Top of Provided data
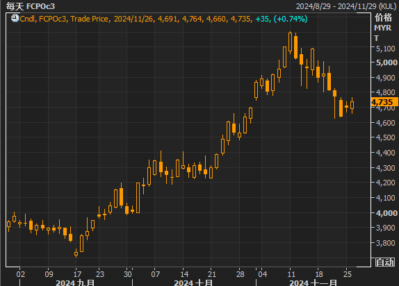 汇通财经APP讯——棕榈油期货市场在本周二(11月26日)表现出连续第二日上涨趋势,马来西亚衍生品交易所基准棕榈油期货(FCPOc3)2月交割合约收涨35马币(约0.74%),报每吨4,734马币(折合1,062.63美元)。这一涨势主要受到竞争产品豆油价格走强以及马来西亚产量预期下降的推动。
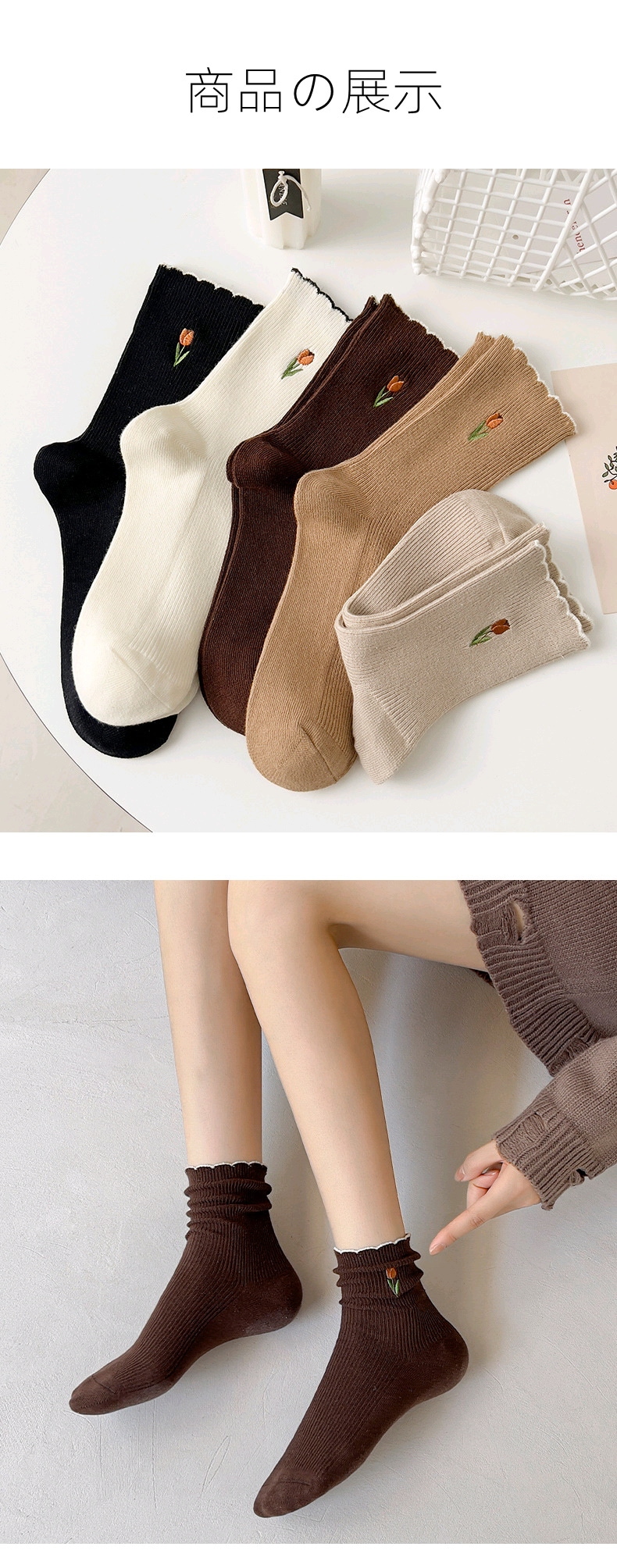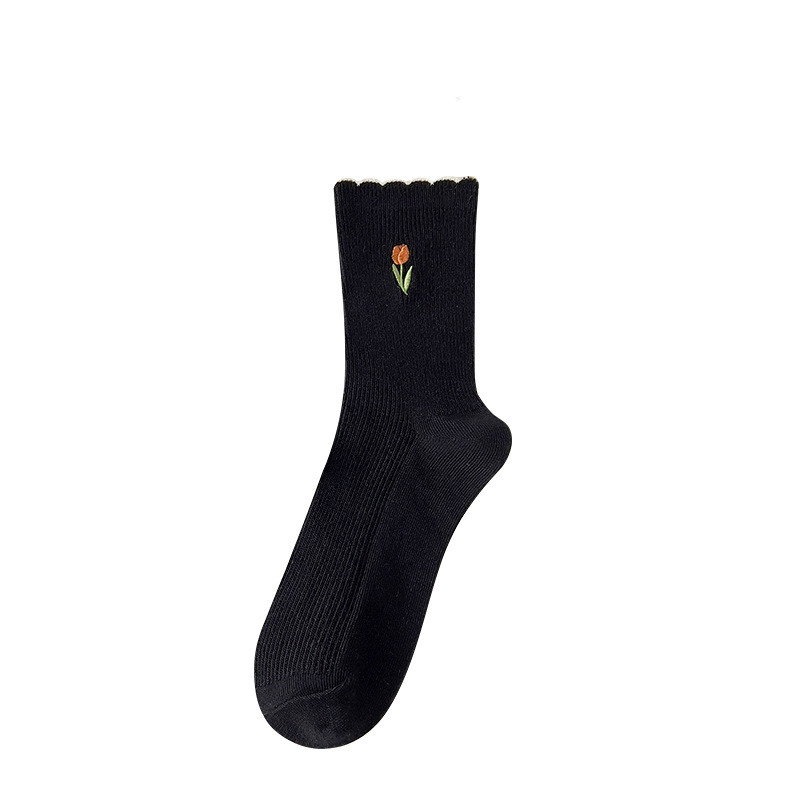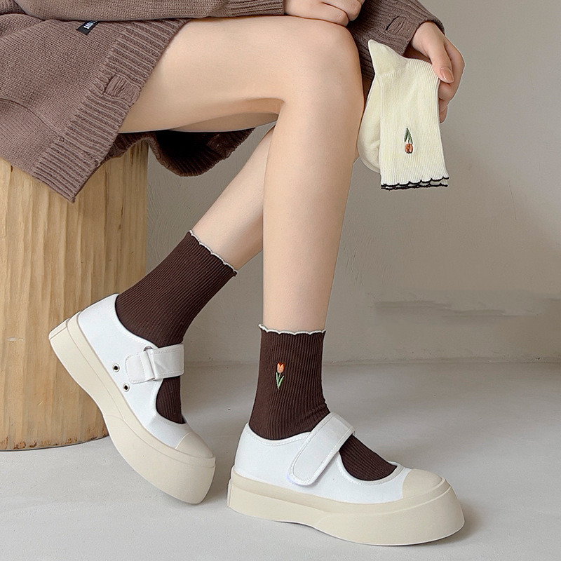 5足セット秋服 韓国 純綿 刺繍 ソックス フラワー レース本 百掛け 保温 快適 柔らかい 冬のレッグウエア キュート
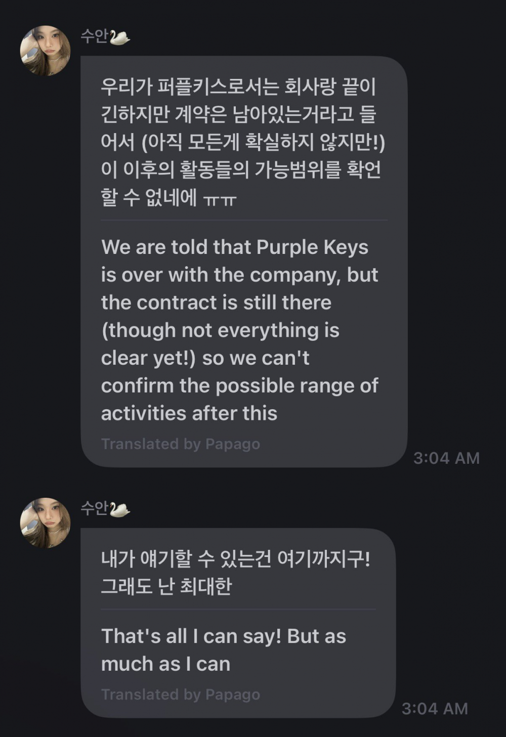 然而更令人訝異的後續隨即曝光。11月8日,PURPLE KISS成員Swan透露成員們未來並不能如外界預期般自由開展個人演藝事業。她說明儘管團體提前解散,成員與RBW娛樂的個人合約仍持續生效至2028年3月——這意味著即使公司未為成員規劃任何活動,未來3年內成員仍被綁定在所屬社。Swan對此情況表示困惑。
Bottom of Provided data
Top of Provided data
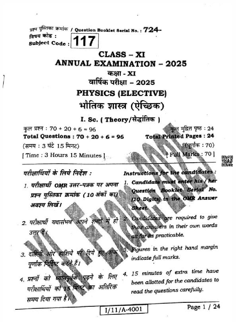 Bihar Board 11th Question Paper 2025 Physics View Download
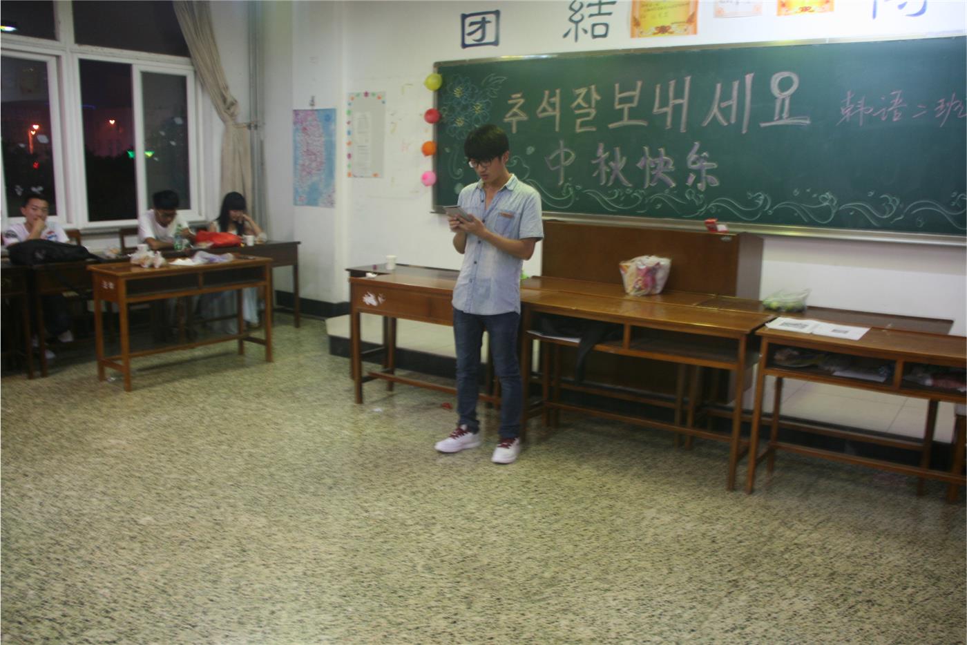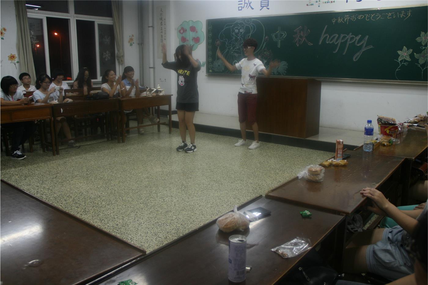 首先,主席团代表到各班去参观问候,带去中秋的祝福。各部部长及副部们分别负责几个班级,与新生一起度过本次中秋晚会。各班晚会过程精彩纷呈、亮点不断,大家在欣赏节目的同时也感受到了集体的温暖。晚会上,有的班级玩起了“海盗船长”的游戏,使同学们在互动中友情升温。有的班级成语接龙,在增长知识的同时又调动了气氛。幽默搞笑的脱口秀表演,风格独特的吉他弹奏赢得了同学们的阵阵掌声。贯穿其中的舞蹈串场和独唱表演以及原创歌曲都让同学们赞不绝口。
Bottom of Provided data
Task goal - Word for word, repeat the lines above from the one with "汇通财经APP讯——棕榈油期" through the one with "然而更令人訝異的後續隨即曝光", and nothing beyond them. Omit the pictures.

Task solution -
 汇通财经APP讯——棕榈油期货市场在本周二(11月26日)表现出连续第二日上涨趋势,马来西亚衍生品交易所基准棕榈油期货(FCPOc3)2月交割合约收涨35马币(约0.74%),报每吨4,734马币(折合1,062.63美元)。这一涨势主要受到竞争产品豆油价格走强以及马来西亚产量预期下降的推动。
 5足セット秋服 韓国 純綿 刺繍 ソックス フラワー レース本 百掛け 保温 快適 柔らかい 冬のレッグウエア キュート
 然而更令人訝異的後續隨即曝光。11月8日,PURPLE KISS成員Swan透露成員們未來並不能如外界預期般自由開展個人演藝事業。她說明儘管團體提前解散,成員與RBW娛樂的個人合約仍持續生效至2028年3月——這意味著即使公司未為成員規劃任何活動,未來3年內成員仍被綁定在所屬社。Swan對此情況表示困惑。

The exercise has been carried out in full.